Although we talk of water value, more correctly we should refer to marginal water value, which is defined as the expected future value of the next cubic meter of water arriving as storage for generation. This implies that the water value should be expressed, for example, in dollars per cubic meter of water. In practice, however, it is more convenient to express it in $/MWh.
Water Value Contours
The useful concept of the "operating guideline" arose from the development of various models for ECNZ in New Zealand. An operating guideline is a curve on a chart of total storage for the reservoir in question versus time. The guideline establishes the hydro generator's place in the merit order at any given time of the year.
For example, the Huntly operating guideline shown, for any given time of year, the storage level at which Huntly should be operating, assuming a centrally planned system. At any time during the year Huntly should operate if storage is at or below the thick black operating guideline. In practice, Huntly actually would come on progressively over a range of storage around the guideline. In addition, ECNZ's models calculated guidelines for all major thermal plant based on storage in the two islands.
Another way to think of the operating guideline is a curve joining points of equal water value – in this case the value of generation from Huntly. Thus, by definition, an operating guideline is a (marginal) water value contour. In designing EMarket, Energy Link decided to continue with the concept of an operating guideline because it is a useful way of visualizing how water value changes with storage and time.

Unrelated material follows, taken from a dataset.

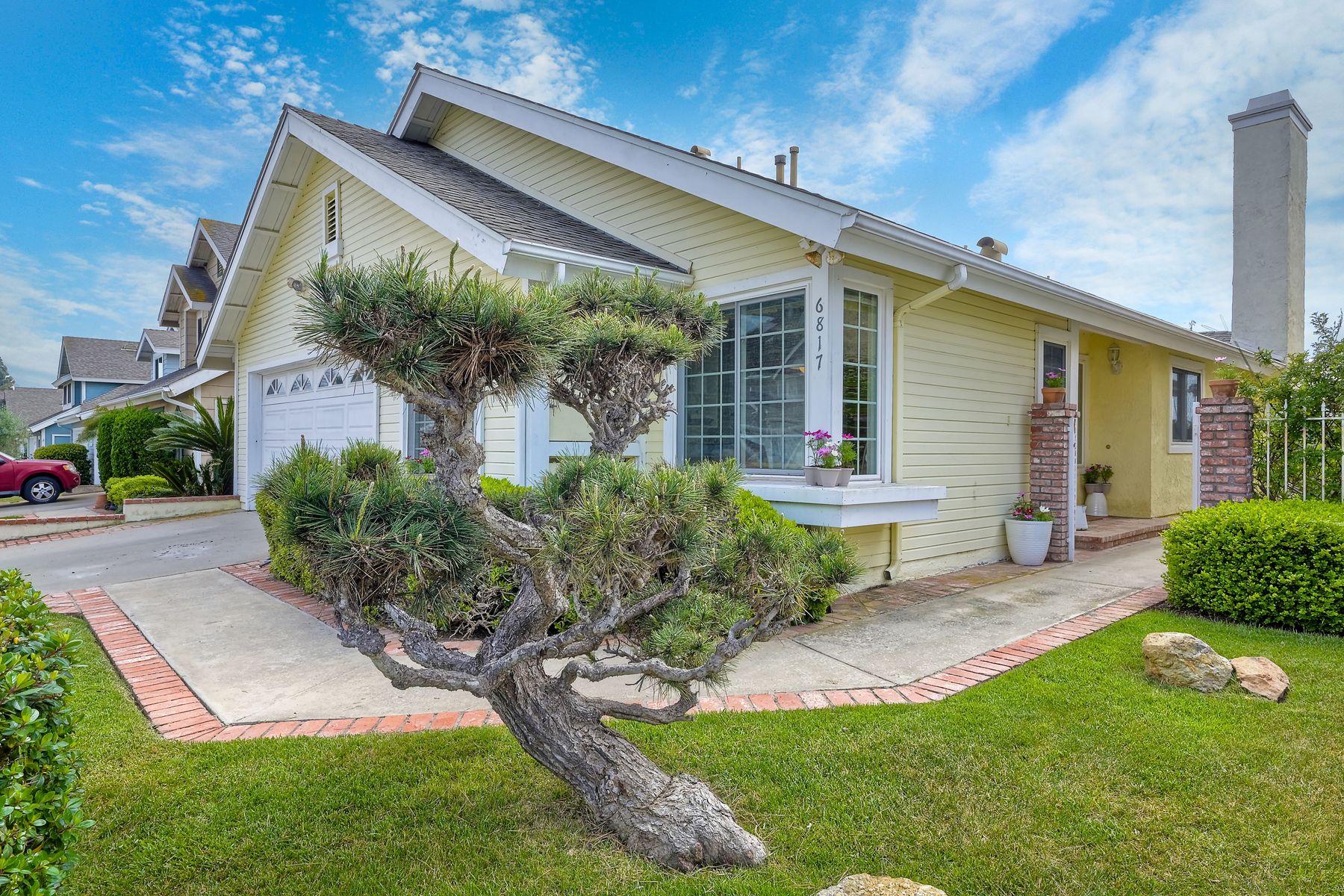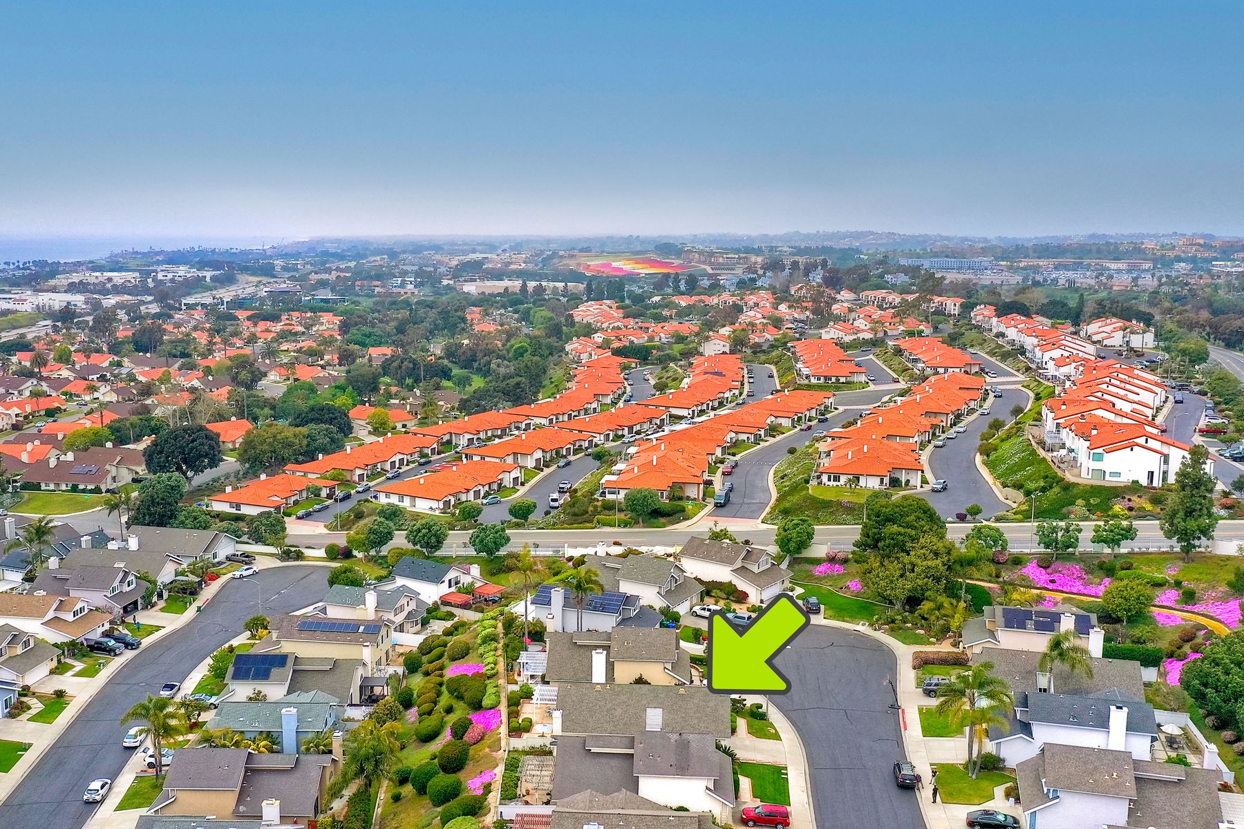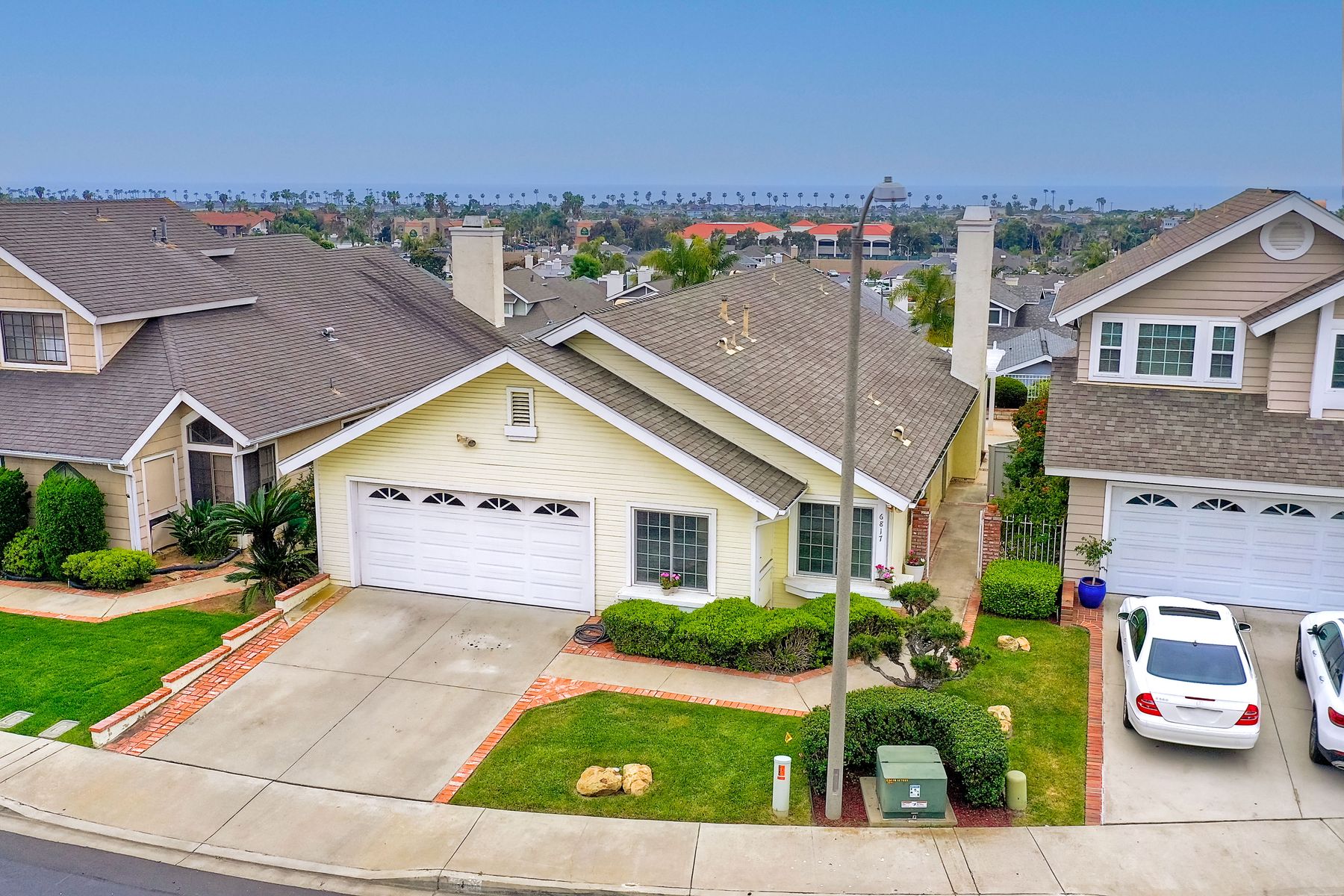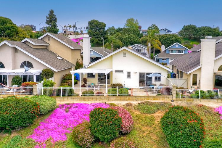 Detached ONE story home with OCEAN & SUNSET VIEWS from the highest street in Harbor Pointe ** This desirable coastal hillside GATED community is less than a mile from So. Carlsbad’s beach campground & within 5 miles of downtown Carlsbad or Encinitas ** 6817 WATERCOURSE DR sits near the end of the CULDESAC & is ELEVATED above the homes below (HOA maintains the beautiful slope) ** Ocean is visible from the Dining, Family, Master Suite & even the kitchen table ** FLOORPLAN LAYOUT (1246 sf) = 2 Bed + Office (or 3rd bedroom option) + 2 Full Bath + Interior Courtyard ** Spacious 2 CAR attached garage (extra room for workshop) ** Community POOL/SPA one block away ** Low HOA & NO Mello Roos ** Pacific Rim Elementary is just a few blocks away

The chart to the left shows typical water value contours for water in the big storage lakes of the Waitaki hydro electric system, Lakes Pukaki and Tekapo, as produced by EMarket. Each contour relates to the offer band from a thermal generator modeled in EMarket. At any given time in the year, if storage is exactly on a contour then it is obvious what it's water value is. If storage is between two contours then the water value is linearly interpolated between the two contours. For example, if storage is one third of the way between two contours of $50/MWh contour and $75/MWh, respectively, then the water value is simply
2/3 x 50 + 1/3 x 75 = $58.33 / MWh
Water Value Theory
Water value contours arise from the process of optimising the use of water in storage lakes, typically upstream of one or more hydro power stations. In fact, the water value contours in EMarket allow the (simulated) hydro owner to calculate water values and simulated offers that are optimal, in a convenient way.
The optimisation of a hydro generation scheme with seasonal storage is different to the optimisation of a thermal generator for three main reasons:
- the "fuel supply," ie total inflows, is finite in any given year;
- inflows are highly volatile;
- storage is finite.
By contrast, thermal generators usually (but not always) have access to unlimited amounts of fuel on call, albeit at perhaps widely varying prices, which can be stored by suppliers in many locations. The three extra restrictions on hydro generators make the optimisation of a hydro system with seasonal storage more difficult and more interesting than operating a thermal generator.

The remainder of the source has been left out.